Communication and the Challenge of Conveying Rationale

Management Associates communication, Decision-making

Of the many content areas workplace communication can be divided into, few are more prone to difficulties than organizational choices and decisions.  The who’s, what’s, and where’s of decisions are typically conveyed with acceptable clarity and consistency. The rationale behind them, however, is not. 

In practical terms, this means that while employees typically receive the operational outlines of upcoming changes—this project is being cut, that department is being reorganized—the reasons necessitating those changes — the why behind them — will often remain a mystery.

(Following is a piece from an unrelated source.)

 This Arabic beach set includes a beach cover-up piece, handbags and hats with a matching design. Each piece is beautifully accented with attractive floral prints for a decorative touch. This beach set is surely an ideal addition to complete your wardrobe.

As a result, employees are able to follow the narrow instructions they are given, but are powerless to go beyond this task or this job. They are therefore unable to help leadership accomplish the higher-level goals that those  instructions were designed to achieve.

A leader might, for example, ask that a lamp be removed from a table.  His employees can comply with that request easily enough, but unless they are told why—the room is being redecorated and the lamp is the wrong shade of yellow, the desk needs to be dusted, more light is needed in another part of the room—they cannot undertake other initiatives that would further the leader’s ultimate aim.

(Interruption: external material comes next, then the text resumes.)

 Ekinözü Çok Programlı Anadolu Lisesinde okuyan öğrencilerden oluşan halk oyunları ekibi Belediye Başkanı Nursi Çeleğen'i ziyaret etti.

Without more information about the rationale behind the decision, they cannot take it upon themselves to remove the yellow potted plant as well, or retrieve the duster from the closet, or turn on an overhead light. They can do nothing but wait for their next directive.

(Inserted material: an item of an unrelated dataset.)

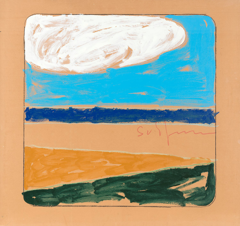 Mario Schifano (1934-1998), Senza titolo, 1974-76, smalto e pastello su carta intelata, cm 101x106 Firmato al centro verso destra: Schifano Collezione privata.

Explaining the thinking behind decisions also helps employees’ participation become increasingly sophisticated. It allows employees at all levels to gain a management-view of organizational challenges, which enables them to make greater and more effective contributions to solving future problems.

As a leader, then, you can have enormous impact on your organization simply by communicating the reasons underlying decision as widely as you communicate the decisions themselves.

Spelling out the “why” of choices makes the decision-making process more transparent, helps build trust, and helps employees accept decisions that may be difficult.